(Records from a dataset)
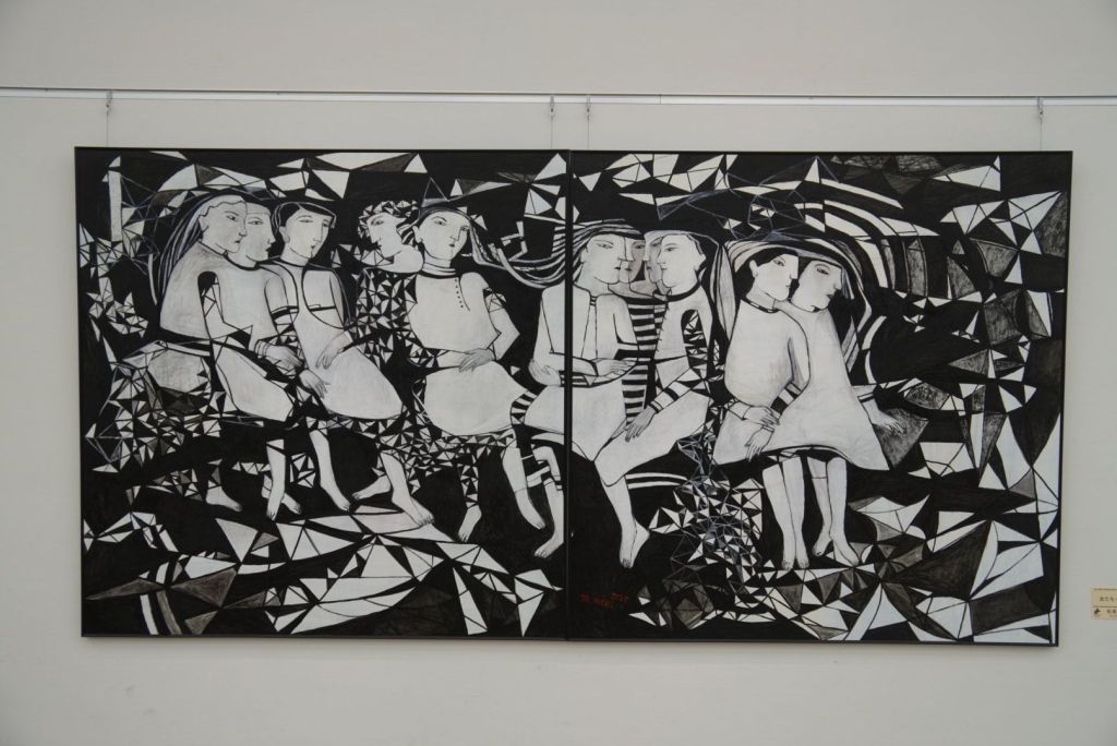 La première partie touche principalement la sculpture et l’art textile. Un genre de salon des artistes car plusieurs d’entre eux étaient présents. J’ai même jasé avec une artiste, en français svp. Artiste textile qui présente une gigantesque toile imprimée de motifs noirs et blancs. J’aime!
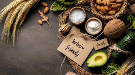 A visually appealing arrangement of keto-friendly foods, featuring avocados, nuts, and coconut, with labels emphasizing their dietary suitability.
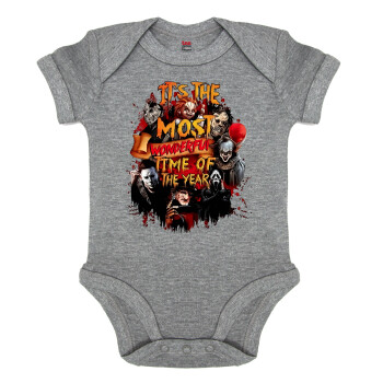 Halloween it's most wonderful time of the year, Βρεφικό φορμάκι μωρού, 0-18 μηνών, ΓΚΡΙ ΜΕΛΑΝΖΕ, 100% Organic Cotton, κοντομάνικο
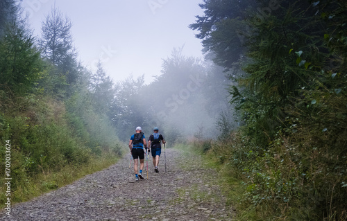 Fototapeta - Biegacze i rowerzyści na górskich szlakach
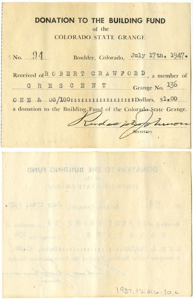 C: Receipt of a Donation to the Building Fund of the Colorado State Grange, July 17th, 1947. Robert Crawford paid $1.

#### WHAT YOU ARE ASKED TO DO
Pictures excluded, quote all the data above exactly.

#### OUTPUT FOR THIS TASK
 La première partie touche principalement la sculpture et l’art textile. Un genre de salon des artistes car plusieurs d’entre eux étaient présents. J’ai même jasé avec une artiste, en français svp. Artiste textile qui présente une gigantesque toile imprimée de motifs noirs et blancs. J’aime!
 A visually appealing arrangement of keto-friendly foods, featuring avocados, nuts, and coconut, with labels emphasizing their dietary suitability.
 Halloween it's most wonderful time of the year, Βρεφικό φορμάκι μωρού, 0-18 μηνών, ΓΚΡΙ ΜΕΛΑΝΖΕ, 100% Organic Cotton, κοντομάνικο
 Fototapeta - Biegacze i rowerzyści na górskich szlakach
 C: Receipt of a Donation to the Building Fund of the Colorado State Grange, July 17th, 1947. Robert Crawford paid $1.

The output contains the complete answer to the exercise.